Gabon–CNOG: Un grabuge financier pourrait bousculer des têtes et menace de secouer l’institution
Par/Fabrice Guitrie
À l’approche de l’élection pour le renouvellement du Comité exécutif du Comité National Olympique du Gabon (CNOG), selon les informations judiciaires du mois un dossier sensible refait surface et pourrait bouleverser l’équilibre interne de l’institution mais les noms non pas circuler. Selon des informations concordantes, une affaire de détournement présumé de fonds, impliquant des montants importants, a été récemment rouverte par la justice, tandis que le Comité International Olympique (CIO) serait déjà en possession d’éléments liés à ce dossier.

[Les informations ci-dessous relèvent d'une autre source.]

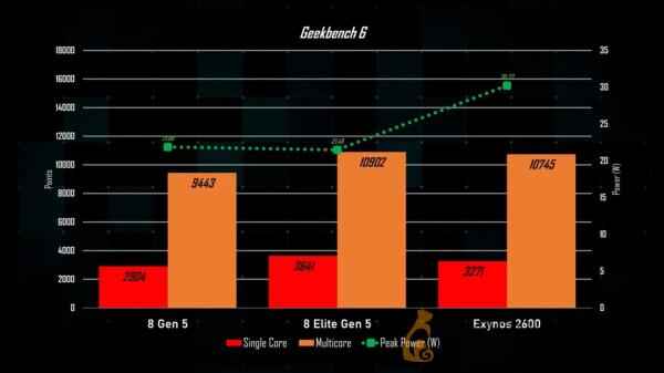 Сравнение производительности в Geekbench 6 также не даёт Exynos явного преимущества. Чип Samsung показывает 3271 балл в одноядерном тесте и 10 745 — в многоядерном, тогда как Snapdragon 8 Elite Gen 5 набирает 3641 и 10 902 балла соответственно. При этом более низкое энергопотребление делает решение Qualcomm заметно эффективнее.

Au cœur de cette affaire figure un présumé détournement estimé à près de 390 000 dollars américains, un montant qui suscite de vives inquiétudes au sein du mouvement sportif gabonais. Les soupçons portent notamment sur l’utilisation de factures liées à des sociétés écrans, ainsi que sur des irrégularités attribuées à une structure chargée de la comptabilité. Ces pratiques présumées incluraient également une fraude liée au paiement d’une subvention continentale, qui aurait été justifiée par des factures jugées fictives.
Un autre volet sensible concerne le soutien financier destiné à l’athlète Hoye Yenda Moukoula. Selon les informations disponibles, deux chèques d’un montant respectif de 8 155 250 francs CFA et 11 450 000 francs CFA, soit un total de 19 605 250 francs CFA, auraient été émis dans le cadre de l’accompagnement de cet athlète. Toutefois, il ressort que ce dernier n’aurait perçu qu’environ 3 millions de francs CFA, laissant planer de sérieux doutes sur la destination réelle du reste des fonds et peut bouger l'athlétisme.
La réouverture de ce dossier intervient dans un contexte particulièrement sensible, marqué par les préparatifs de l’élection du nouveau Comité exécutif du CNOG. Pour plusieurs observateurs, cette affaire pourrait avoir des conséquences majeures sur la crédibilité des candidats et sur l’image globale de l’institution olympique nationale.
Au-delà des enjeux électoraux, cette situation soulève des interrogations sur les mécanismes de contrôle financier et de gouvernance au sein du mouvement olympique gabonais. Si les faits évoqués venaient à être confirmés par les investigations judiciaires, ils pourraient entraîner des sanctions disciplinaires, voire pénales, ainsi que des mesures de la part des instances internationales.
Dans les milieux sportifs, l’affaire commence déjà à alimenter les discussions, certains redoutant que ce grabuge financier ne provoque une onde de choc capable de rebattre les cartes à la tête du CNOG. Les prochains développements judiciaires et institutionnels seront donc scrutés avec attention, alors que l’institution se trouve à un tournant décisif de son histoire.